Multiprocessing's pool apparently attempts to repopulate the pool in an event of sub-process worker crash. However the pool seems to hangs after about ~ 4*(number of worker) process re-spawns.

I've tracked the issue down to queue.get() stalling at multiprocessing.pool, line 102

Is this a known issue? Are there any known workaround?

To reproduce this issue:

import multiprocessing
import multiprocessing.util
import logging

multiprocessing.util._logger = multiprocessing.util.log_to_stderr(logging.DEBUG)
import time
import ctypes

def crash_py_interpreter():
    print("attempting to crash the interpreter in ", multiprocessing.current_process())
    i = ctypes.c_char('a'.encode())
    j = ctypes.pointer(i)
    c = 0
    while True:
        j[c] = 'a'.encode()
        c += 1
    j

def test_fn(x):
    print("test_fn in ", multiprocessing.current_process().name, x)
    exit(0)

    time.sleep(0.1)

if __name__ == '__main__':

    # pool = multiprocessing.Pool(processes=multiprocessing.cpu_count())
    pool = multiprocessing.Pool(processes=1)
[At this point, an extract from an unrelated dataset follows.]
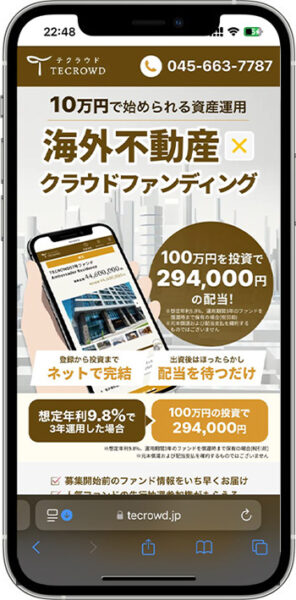 本業があるとなかなか手を出せない投資商品ですが、TECROWDなら海外物件のファンドを選び、あとは運用終了まで待つだけです。

    args_queue = [n for n in range(20)]

    # subprocess quits
    pool.map(test_fn, args_queue)
# subprocess crashes
# pool.map(test_fn,queue)
pitrou commented 6 years ago

Generally speaking, queues can remain in an inconsistent state after a process crash (because the process might have crashed just after acquiring a shared semaphore or sending part of a large message). It's not obvious to me how we could make them safer, at least under Unix where there's no widely-available message-oriented communication facility that I know of.